**MATERIAL PROVIDED:**

┄┄┄┄┄┄

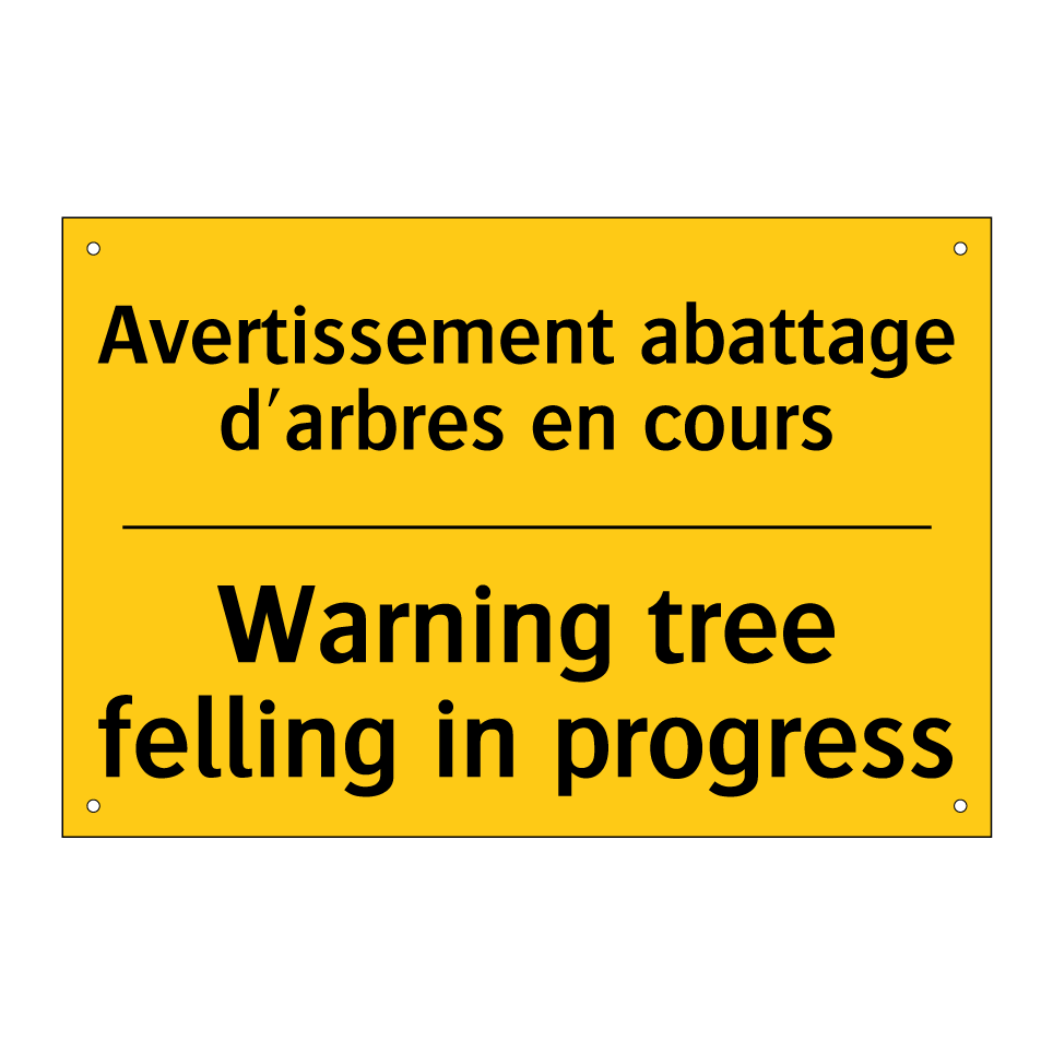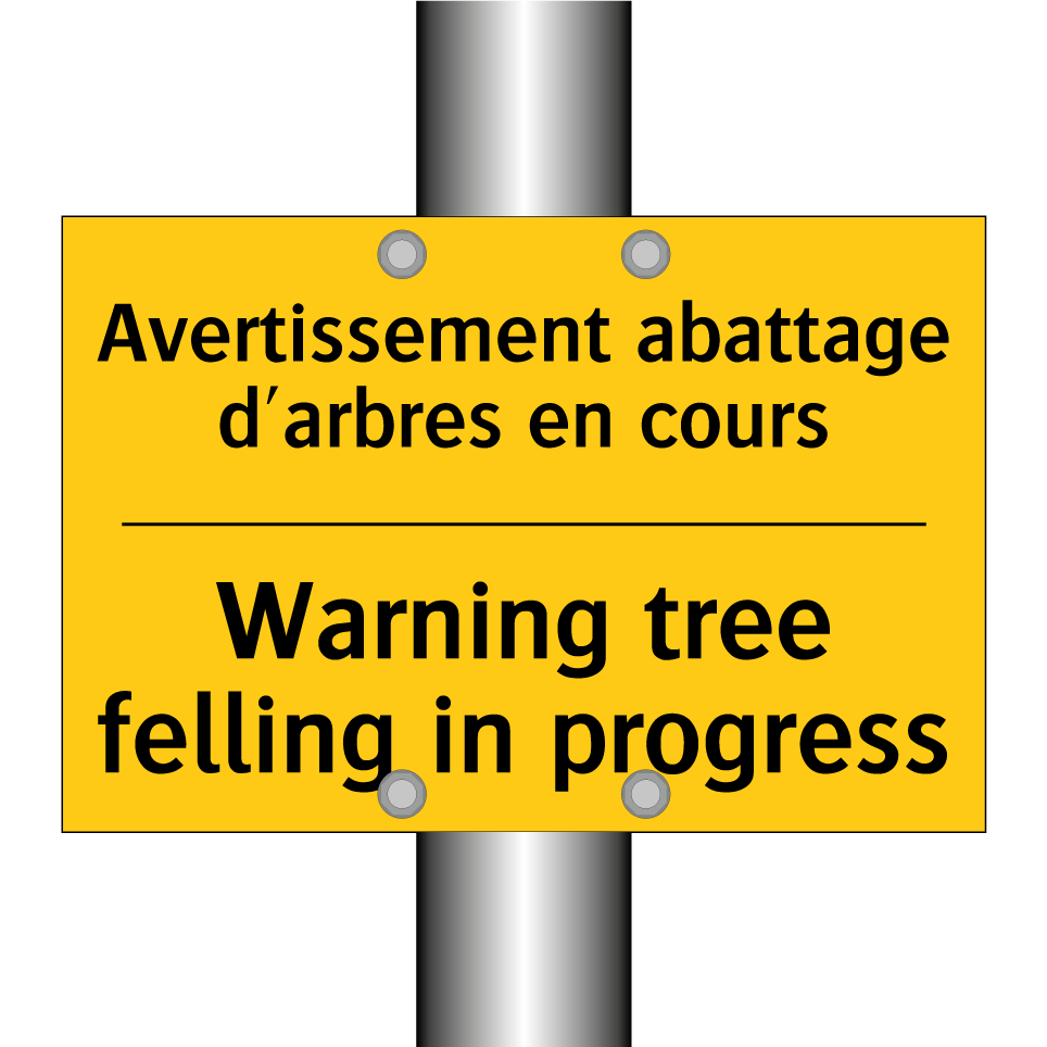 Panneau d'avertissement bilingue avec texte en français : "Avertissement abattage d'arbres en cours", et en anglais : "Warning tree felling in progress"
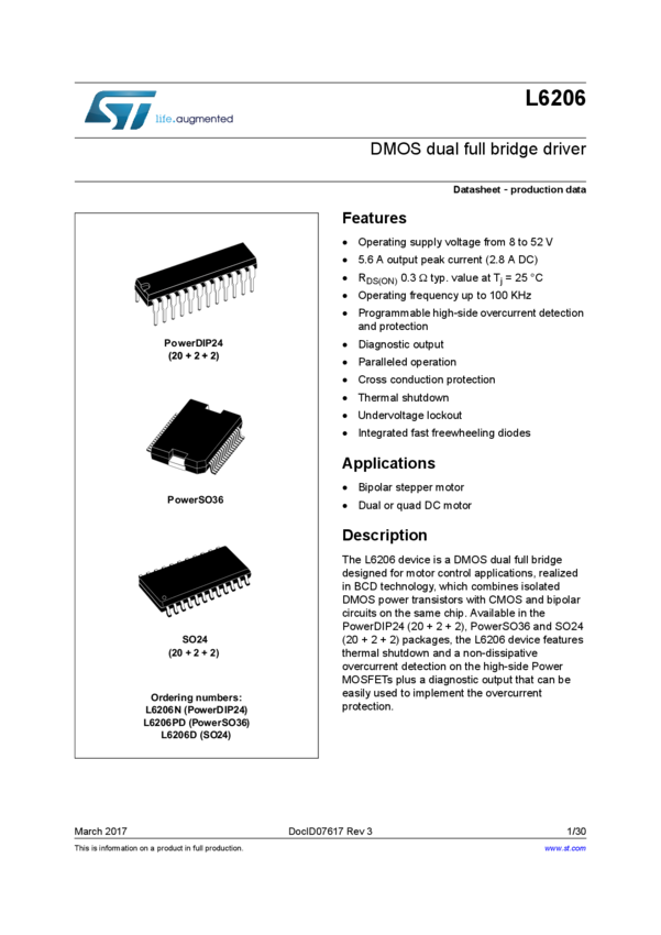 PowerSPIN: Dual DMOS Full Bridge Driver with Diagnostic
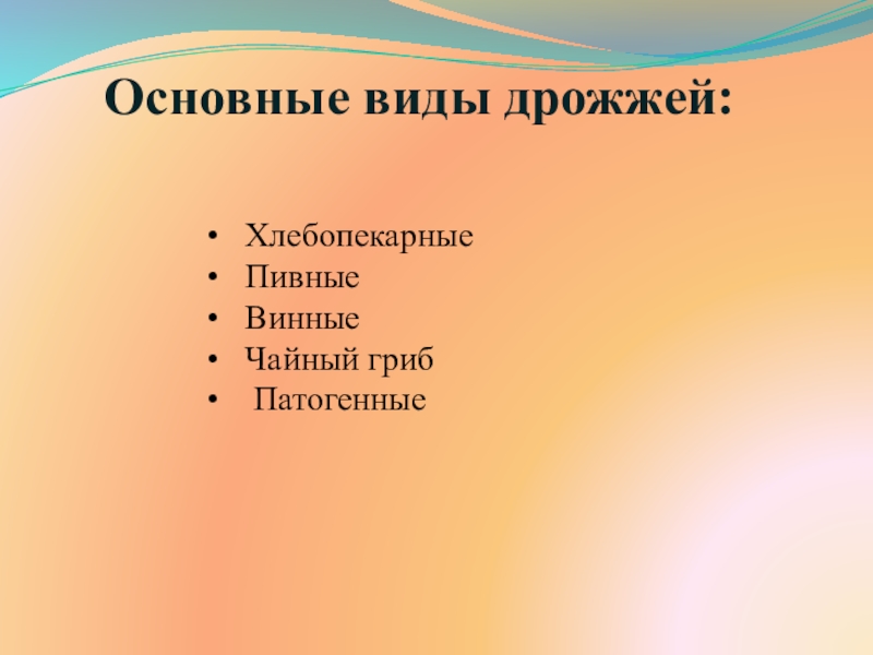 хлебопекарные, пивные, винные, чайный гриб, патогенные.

┄┄┄┄┄┄

**TASK DESCRIPTION:** The data above should be repeated in full and exactly, with no pictures carried over.

**EXERCISE SOLUTION:**
 Panneau d'avertissement bilingue avec texte en français : "Avertissement abattage d'arbres en cours", et en anglais : "Warning tree felling in progress"
 PowerSPIN: Dual DMOS Full Bridge Driver with Diagnostic
 хлебопекарные, пивные, винные, чайный гриб, патогенные.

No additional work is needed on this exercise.